Wedderburn Castle, near Duns, Berwickshire, in the Scottish Borders, is an 18th-century country house that is now used as a wedding and events venue. The house is a Category A listed building and the grounds are included in the Inventory of Gardens and Designed Landscapes in Scotland.

History
Wedderburn Castle is the historic family seat of the Home of Wedderburn family, cadets of the Home family (today Earls of Home). It was designed and constructed 1771–1775 by the famous architect brothers Robert Adam and James Adam, with the work superintendent being architect James Nisbet of Kelso, for Patrick Home of Billie, who had already completed Paxton House (using James Adam and Nisbet from 1758, with Robert Adam doing the interiors ).
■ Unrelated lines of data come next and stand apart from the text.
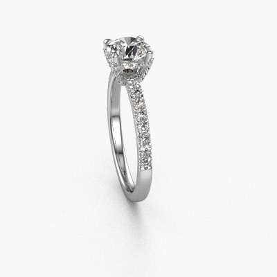 The ring shown above is called the Saskia rnd 1. We call this type of ring a pavé solitaire ring because it has one centre gemstone and a band that is also pave set with gemstones. The platinum engagement ring is set with a round 6.5 mm zirconia centre stone and the band is pave set with lab grown diamond gemstones. Each jewel is made with passion and love by one of our master goldsmiths.This exclusive platinum pavé solitaire engagement ring has an exquisite round zirconia centre stone. To further accentuate the centre stone, the band is fully set with more lab-grown diamonds. Its open prong setting allows light to strike the zirconia from various angles and this adds sparkle to your zirconia ring. The photo shown above depicts the goldsmith's carefully handcrafted details of the ring. The high positioning of the centre stone is truly eye-catching. The perfect engagement ring for the crown jewel of your life! By using a combination of the latest modern techniques, combined with ancient crafting, we can make all our engagement rings in our own studio. Each jewel is made to order. This is advantageous because we can offer you a price you won't find anywhere else.Do you have a specific ring in mind? One you came across somewhere. Please feel free to tell us your wishes and we will turn your design into a unique engagement ring. You can follow the development of your ring design because we use 3D drawings. This gives you a realistic preview of your design. We will gladly send you a non-binding offer, based on a fair price/ quality ratio. It will amaze you.To make it easier for you, we offer a 30 day return policy. Check our terms and conditions.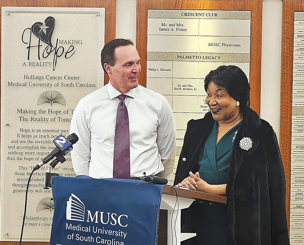 Judge spoke Feb. 20at the Medical University of South Carolina’s Hollings Cancer Center in downtown Charleston, the same place she received her diagnosis. Standing with her were the doctors who treated her as she presented them with a $1,000 check to support patients struggling in their battle with cancer.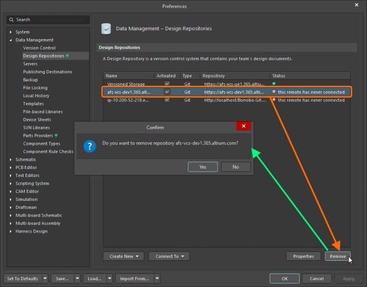 Podczas przesyłania do projektów do Workspace, które wcześniej były w systemie kontroli wersji, informacja o poprzednich repozytoriach jest przenoszona na serwer. Bieżąca wersja Altium Designer pozwala na ręczne bądź automatyczne usuwanie takich zbędnych repozytoriów (rysunek 6).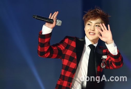 엑소의 멤버 시우민이 23일 오후 서울 송파구 잠실실내체육관에서 열린 ‘제 23회 하이원 서울가요대상’ 시상식에서 팬들에게 인사를 하고 있다.

With battlemented three-storey elevations in the typical Adam Castle style, the apparent symmetry of Wedderburn Castle conceals a rectangular courtyard, originally filled by the 17th-century (or earlier) tower house, also known as Wedderburn Castle, of which only a heraldic panel remains. It was demolished in the early 19th century, leaving the courtyard accessed through an archway at the back.

The approach

The castle is approached by way of the north or Lion Gate of 1794 designed by John Plaw and the long drive (leading from the West gate), which passes the 18th-century stables (a square court entered through a pedimented archway) and the stables cottages, before continuing to the castle. The former stables building is now used as a barn wedding and events venue. 
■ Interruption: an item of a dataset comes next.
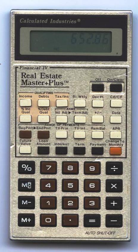 The Financial line continued with the Real Estate Master Plus. Adjustable rate mortgages and loan qualification information can be readily obtained from this advanced financial calculator. This version is gold; a black metal model was introduced the following year.

The West Gate is another archway, but defined by screen walls and gabled lodges.

The castle interior
Entering the front of the castle through a large porch (above which is the Home of Wedderburn coat of arms), there is a double staircase with an iron balustrade leading up to a balcony, behind which is a long gallery connecting the drawing room and the dining room. Across the hall and above the front door is a long minstrel gallery, again connecting the drawing room and the dining room. On the right of the staircase are the drawing room, and the morning room (previously the smoking room), beyond which is the ballroom. There are several fine chimneypieces, the best being in the drawing room of white Carrara marble and various other materials by Piranesi from 1774. To the left are the dining room, and a further staircase leading up to the bedrooms. The ground floor has a large kitchen and further bedrooms.

The owners
The Earls of Douglas had the feudal superiority of the lands of Wedderburn circa 1413, when Archibald Douglas, 4th Earl of Douglas granted them as a feu to "his esquire, David de Home". In a charter dated at Dunbar Castle 29 February 1413, George de Dunbar, Earl of March, confirmed the previous charter granted by "his beloved brother, Archibald, Earl of Douglas", the superiority having passed, by forfeiture, from the Dunbar family to Douglas.
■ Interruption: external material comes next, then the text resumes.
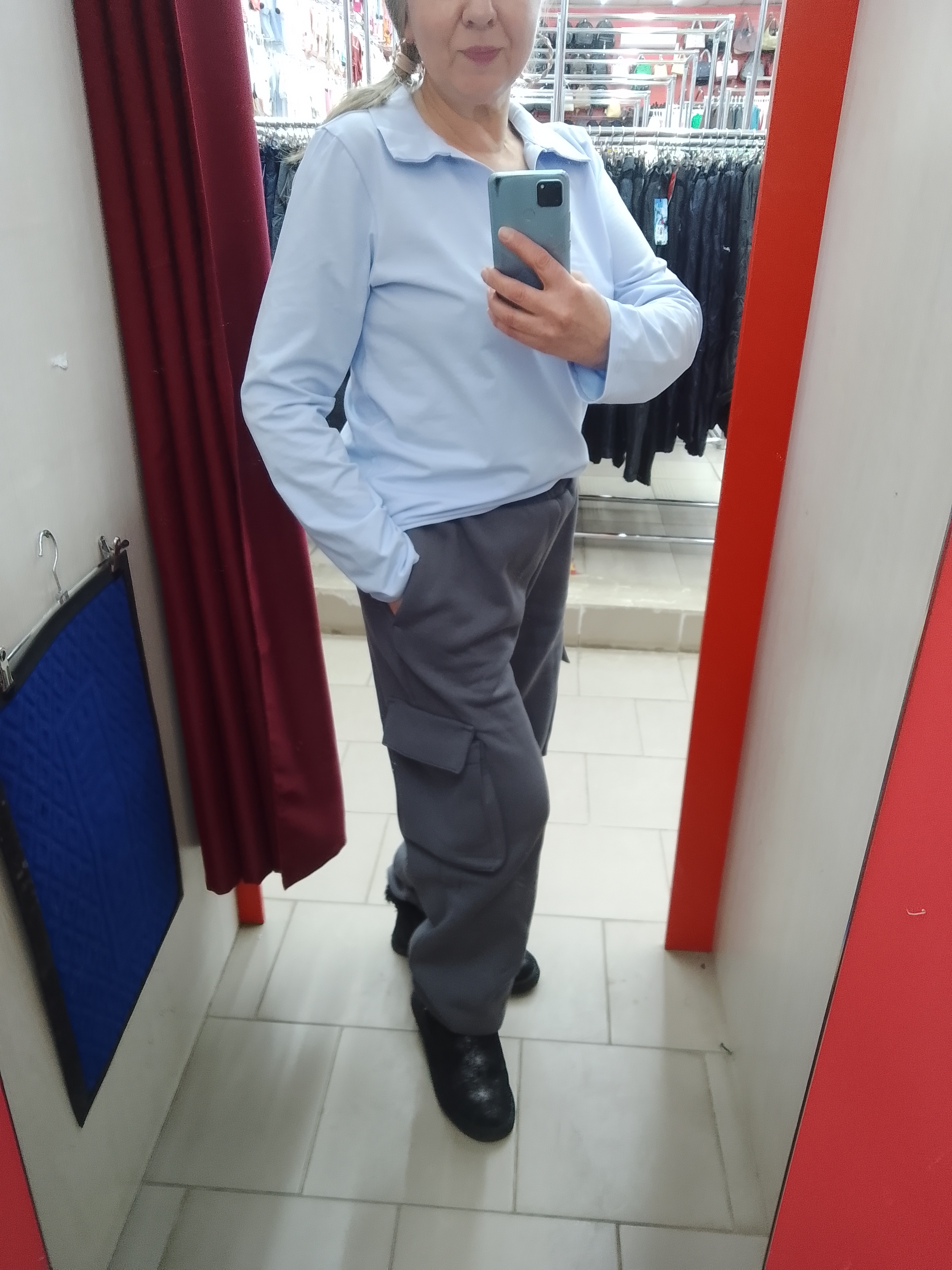 Очень приятные к телу штанишки, теплые и мягкие. На рост 168, ОТ 68 и ОБ 96 размер S. На фото вместе со свитшотом Weekend ( тоже графит, но немного отличается по интенсивности цвета).

By 1550 the Homes had acquired the superiority of Wedderburn, as is indicated by a Sasine in favour of David Home, brother-german (full brother) and heir of George Home of Wedderburn (who was killed at the Battle of Pinkie), wherein it is stated that the heir and his brother held it of the Crown in chief.

Mary, Queen of Scots came to Wedderburn Castle in November 1566 and rode to Halidon Hill. She met John Foster, Marshal of Berwick.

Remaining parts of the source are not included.